The synaptic plasticity model reproduces distal LTP for local electric TBS and predicts proximal and distal LTP for rMS TBS.
Induction of LTP by local electrical TBS to the perforant path. (a): Schematic of local electric stimulation for panels b and c. L-M: lacunosum-moleculare (perforant path target). (b): Negligible plasticity observed when inhibition is present. (c): Distal LTP observed when inhibition is blocked. (d): Schematic of rMS simulation with electric field vector for panels e and f. (e): LTP in both distal and proximal synapses when rMS is used.

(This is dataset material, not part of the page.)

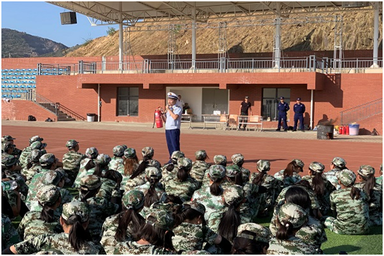 培训课上,开发区消防救援大队陈钊参谋向学校2400余名新生宣讲了消防法律、法规,结合火灾案例,对火灾特点、消防器材使用、火灾逃生自救和发生火灾如何正确报警等进行了详细讲解,并现场对干粉灭火器、消防水带的使用等进行了实地操作演示,手把手指导学生进行灭火器实地操作训练。

Unlike local electrical TBS, rMS TBS is able to induce large LTP when inhibition is present. (f): LTP in both distal and proximal synapses when rMS is simulated and inhibition is blocked.
Fig 7.
Voltage traces from local electrical and rMS TBS, recorded at the soma and distal apical tuft, account for the outcomes of synaptic plasticity.
(a) 100 Hz local electrical TBS only causes small somatic voltage depolarisations when inhibition is blocked. (b) 100 Hz local electrical TBS induces dendritic spikes when inhibition is blocked. (c) 100 Hz rMS TBS causes multiple somatic spikes. (d) 100 Hz rMS TBS induces dendritic large-amplitude voltage depolarisations when inhibition is blocked. (e) 100 Hz local electrical TBS causes almost no somatic voltage depolarisation when inhibition is enabled. (f) 100 Hz local electrical TBS does not induce dendritic spikes when inhibition is enabled. (g) 100 Hz rMS TBS causes multiple somatic spikes with inhibition enabled. (h) 100 Hz rMS TBS induces dendritic large-amplitude depolarisations even when inhibition is enabled.
Fig 8.
Distal LTP induced by simulated rMS is sustained by sodium dendritic spikes but less affected by inhibition than local electrical stimulation.
rMS TBS (red) generates LTP even when local electrical TBS (blue) does not. In the presence of simulated GABAergic inhibition, rMS induces LTP comparable to local electrical stimulation without inhibition (i.e. bicuculline simulation). When dendritic sodium spikes are blocked (i.e. when local dendritic TTX application is simulated), neither of the two stimulation protocols we tested was able to induce LTP in the dendritic tuft. We also tested blocking somatic as well as dendritic sodium channels, and found effectively identical results (not pictured). Sample of 10 models with different randomised synapse locations.